Can meeting minutes be 100% redacted? Appellate Court to weigh in.

UPDATE (3/4/2017): The Appellate Division ruling will be available online after 10 a.m. on Monday, March 6, 2017. See the “unpublished opinions” in the right-hand column on the Judiciary’s web site HERE.

When providing copies of closed (or executive) session minutes under OPRA, public agencies may redact (black out text) as appropriate. For example, they may redact for open issues in order to protect a negotiating position with regard to an unresolved settlement or contract. Over time, matters resolve and there may no longer be need for secrecy. Thus, we would expect to see fewer redactions, if any, for a meeting that took place several years ago versus one held a few months ago. Even for recent closed session meetings, there would seem little need to redact everything — for instance, it seems the name of the person making a comment could be shown along with text that shows the comment topic, even if there is legitimate reason to redact the substance of the comment itself.

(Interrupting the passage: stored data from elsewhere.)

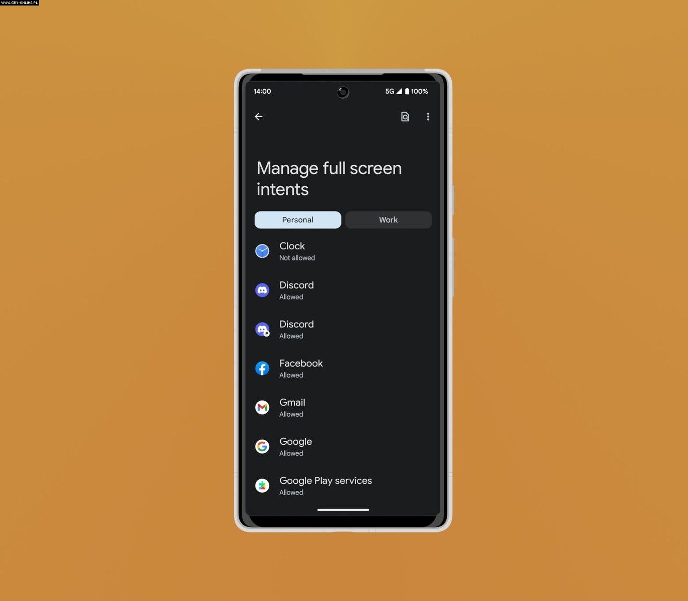 Nadchodzący system Android 14 ma wprowadzić możliwość zablokowania wyświetlania się powiadomień pełnoekranowych.
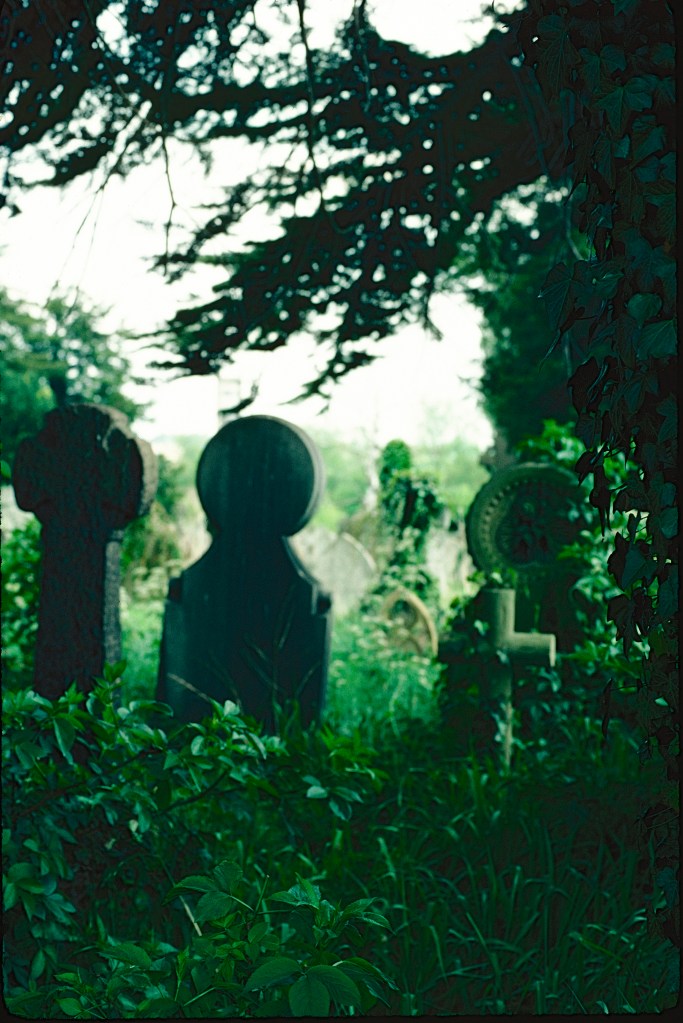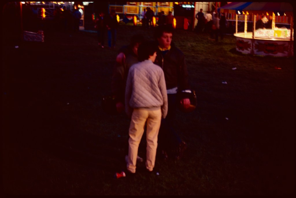 In a short essay written in 2014, I expressed some doubts about the digital generation’s enthusiasm for analogue qualities and errors. But in looking back on this catalogue of my own errors, some of them seem telling of more than my incompetence: the image of the Mayakovsky show, to start with the easiest one in which to unearth some subterranean virtue, may be visually horrible but at least it exists: I cannot find other images of the exhibition as installed online (though presumably they reside somewhere in the archives of what is now Modern Art Oxford). More generally there may be seen an affinity, perhaps a sentimental one, between analogue faults and the frailties exposed by time: of the sun making darkness visible on a certain moment forty years ago; or of Spring leaves picked out in isolated sharpness in a graveyard around the same time. If the people are dominated by garish signs in Oxford’s shopping district, that too still carries a charge into the present, although the look cast back at the camera by a man in a cap, standing as if spot-lit amidst the deep shadows, suggests alertness beyond the consumer pursuit. Finally the blurry youths at the night-time fair appear now as retrospective symbols of transience and precarity, material and temporal.
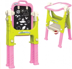 Tablica ma regulowaną wysokość i kąt nachylenia, co pozwala dostosować ją do wieku i wzrostu dziecka. W zestawie znajdziesz komplet podstawowych akcesoriów: 12 kredek, 12 kolorowych kred, 4 markery wodne, 10 arkuszy A4, gąbkę oraz organizer na przybory. Dzięki stabilnej podstawie i solidnemu krzesełku dziecko może wygodnie tworzyć, rozwijać zdolności manualne i wyobraźnię przestrzenną.
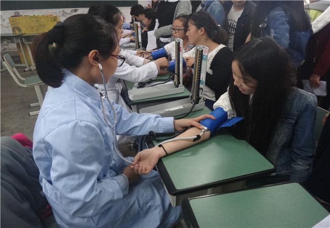 为做好2015年秋季入学新生预防性健康体检工作,了解学生的健康情况,做到有疾病“早发现,早预防,早治疗”,为此,我院护理系师生于2015年11月11日下午在新村校区为旅游系和财经系新生统一进行入学体检。
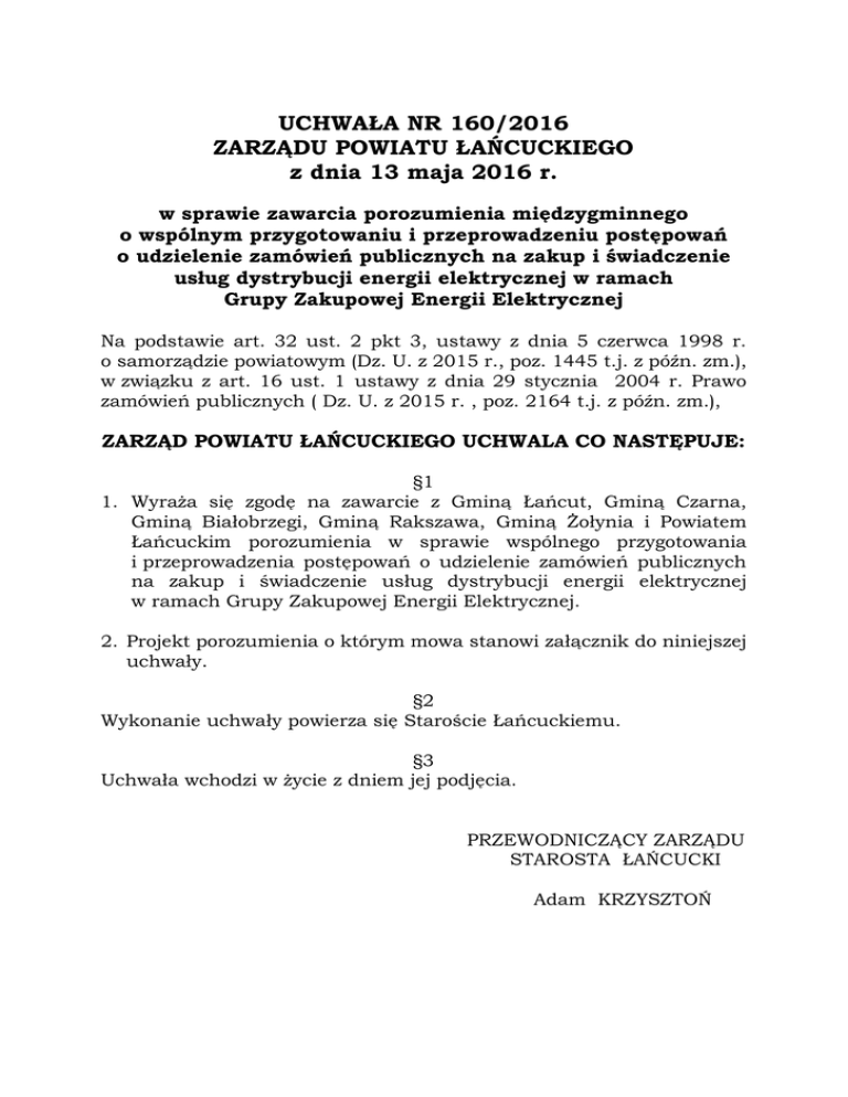 UCHWAŁA NR 160/2016 ZARZĄDU POWIATU ŁAŃCUCKIEGO z dnia 13 maja 2016 r. w sprawie zawarcia porozumienia międzygminnego o wspólnym przygotowaniu i przeprowadzeniu postępowań o udzielenie zamówień publicznych na zakup i świadczenie usług dystrybucji energii elektrycznej w ramach Grupy Zakupowej Energii Elektrycznej Na podstawie art. 32 ust. 2 pkt 3, ustawy z dnia 5 czerwca 1998 r. o samorządzie powiatowym (Dz. U. z 2015 r., poz. 1445 t.j. z późn. zm.), w związku z art. 16 ust. 1 ustawy z dnia 29 stycznia 2004 r. Prawo zamówień publicznych ( Dz. U. z 2015 r. , poz. 2164 t.j. z późn. zm.), ZARZĄD POWIATU ŁAŃCUCKIEGO UCHWALA CO NASTĘPUJE: §1 1. Wyraża się zgodę na zawarcie z Gminą Łańcut, Gminą Czarna, Gminą Białobrzegi, Gminą Rakszawa, Gminą Żołynia i Powiatem Łańcuckim porozumienia w sprawie wspólnego przygotowania i przeprowadzenia postępowań o udzielenie zamówień publicznych na zakup i świadczenie usług dystrybucji energii elektrycznej w ramach Grupy Zakupowej Energii Elektrycznej. 2. Projekt porozumienia o którym mowa stanowi załącznik do niniejszej uchwały. §2 Wykonanie uchwały powierza się Staroście Łańcuckiemu. §3 Uchwała wchodzi w życie z dniem jej podjęcia. PRZEWODNICZĄCY ZARZĄDU STAROSTA ŁAŃCUCKI Adam KRZYSZTOŃ Załącznik do uchwały Nr 160/2016 Zarządu Powiatu Łańcuckiego z dnia 13 maja 2016 r. POROZUMIENIE MIĘDZYGMINNE o wspólnym przygotowaniu i przeprowadzeniu postępowań o udzielenie zamówień publicznych oraz udzielenie pełnomocnictwa w ramach Grupy Zakupowej Energii Elektrycznej Gmin Powiatu Łańcuckiego zawarte w dniu…….…….2016 r. pomiędzy: Powiatem Łańcuckim, ul. Mickiewicza 2 37-100 Łańcut Reprezentowanym przez dwóch członków Zarządu w Osobach: Adam Krzysztoń – Starosta Łańcucki Barbara Pilawa – Kraus- Wicestarosta Łańcucki nazywaną dalej „Liderem”, a 1. Gminą Łańcut ul. Mickiewicza 2A 37-100 Łańcut reprezentowaną przez: Zbigniew Łoza– Wójt Gminy 2. Gminą Białobrzegi Białobrzegi 4 37-114 Białobrzegi reprezentowaną przez: Franciszek Masłoń – Wójt Gminy 3. Gminą Żołynia ul. Rynek 22 37-110 Żołynia reprezentowaną przez: Andrzej Benedyk – Wójt Gminy 4. Gminą Rakszawa Rakszawa 506 37-111 Rakszawa reprezentowaną przez: Maria Kula – Wójt Gminy 5. Gminą Czarna Czarna 260 37-125 Czarna reprezentowaną przez: Strona 1 z 3 POROZUMIENIE o wspólnym przygotowaniu i przeprowadzeniu postępowań o udzielenie zamówień publicznych w ramach Grupy Zakupowej Gminy……………………. Edward Dobrzański – Wójt Gminy nazywanych dalej „Partnerem” w oparciu o art. 4 pkt 8 i art. 16 ust. 1 ustawy z dnia 29 stycznia 2004r. Prawo zamówień publicznych (t.j. . Dz. U. z 2015 r., poz. 2164 z późn. zm) o następującej treści: §1 1. Strony Porozumienia postanawiają wspólnie przygotować i przeprowadzić postępowania o udzielenie zamówień publicznych: a) w trybie przetargu nieograniczonego na zakup energii elektrycznej, b) w trybie z wolnej ręki na świadczenie usług dystrybucji energii elektrycznej. §2 1. Strony Porozumienia wyznaczają spośród siebie Lidera, jako zamawiającego reprezentującego do przygotowania i przeprowadzenia postępowań o udzielenie zamówień publicznych, o których mowa w § 1, w imieniu stron Porozumienia i na rzecz stron Porozumienia, a także do występowania przed organami oraz sądami do tego uprawnionymi w związku z rozpatrywaniem odwołań i skarg. 2. Porozumienie będzie realizowane po jego podpisaniu przez upoważnionych przedstawicieli stron Porozumienia. 3. Strony porozumienia jednocześnie wyznaczają i udzielają firmie: ……………………………………………………………………………………………. pełnomocnictwa do dokonania w imieniu i na rzecz Lidera i Partnerów następujących czynności: - reprezentowania i występowania w imieniu Gmin i Powiatu Łańcuckiego, będącego Liderem porozumienia przed wszystkimi organami administracji publicznej oraz podmiotami gospodarczymi w zakresie realizacji postanowień porozumienia o współpracy w ramach Grupy Zakupowej Energii Elektrycznej, - przygotowania, uzgodnienia i przeprowadzenia postępowań o udzielenie zamówień publicznych: na zakup energii elektrycznej oraz na świadczenie usług dystrybucji energii elektrycznej wskazanych w § 1 oraz czynności określonych w § 2 pkt 1 porozumienia z wyłączeniem zawarcia umowy zakupu energii elektrycznej z wybranym w toku postępowania Wykonawcą - podejmowania wszelkich innych czynności niezbędnych do przeprowadzenia procedur przetargowych na zakup energii elektrycznej (w trybie przetargu nieograniczonego) oraz świadczenia usług dystrybucji energii elektrycznej (w trybie z wolnej ręki) Strona 2 z 3 POROZUMIENIE o wspólnym przygotowaniu i przeprowadzeniu postępowań o udzielenie zamówień publicznych w ramach Grupy Zakupowej Gminy……………………. §3 1. Przedmiot zamówienia publicznego, o którym mowa w § 1 pkt 1 lit. a) Porozumienia zostanie opisany w projekcie Specyfikacji Istotnych Warunków Zamówienia, 2. Przedmiot zamówienia publicznego, o którym mowa w § 1 pkt 1 lit. b) Porozumienia zostanie opisany w projekcie Szczegółowego opisu przedmiotu zamówienia. §4 Po wyborze najkorzystniejszych ofert, strony Porozumienia udzielą zamówień publicznych, o których mowa w § 1, we własnym imieniu i na własną rzecz, zawierając w tym celu odrębne umowy w sprawie zamówień publicznych. §5 Porozumienie wchodzi w życie z dniem podpisania. §6 Wszelkie zmiany Porozumienia mogą nastąpić jedynie w formie pisemnej pod rygorem nieważności. §7 W sprawach nieuregulowanych Porozumieniem będą miały zastosowanie obowiązujące przepisy Kodeksu Cywilnego oraz Ustawy Prawo zamówień publicznych. §8 Porozumienie sporządzono w jednobrzmiących egzemplarzach, po jednym dla każdej ze stron. Lider Partnerzy 1. …………………………. 2. ……

There is an interesting case now before the Appellate Division — Dean Smith v. Swedesboro-Woolwich School District (Gloucester County)– that addresses this very issue. In response to an OPRA request for minutes of a closed School Board meeting held in January 2014, some 14 months prior to his OPRA request, Smith received minutes that were entirely redacted except for the date, page number, and subject headers like “personnel issue” or “superintendent’s contract”.

Superior Court Judge Georgia M. Curio ruled in September of 2015, after having reviewed the unredacted minutes, that redactions were proper and covered by one or more legal exemptions.

Smith’s attorney, Donald M. Doherty Jr., pointed to a 1991 NJ Supreme Court opinion that the OPRA exception allowing for private discussion of personnel matters was “‘designed to enable the public body to determine the appropriate action … [and] not to withhold from the public either the public body’s determination’ or the rational for such determination.” He argued that the School Board had not met its burden in justifying the non-disclosure of details some 14 months after its meeting. Statements of exemption applied on a blanket basis, as provided in the OPRA response, “do not allow the public to know or discern with any reasonable clarity what was discussed in the nonpublic meetings or what actions were taken,” Doherty argued.

The case has been appealed and has Appellate Docket No. A-000840-15.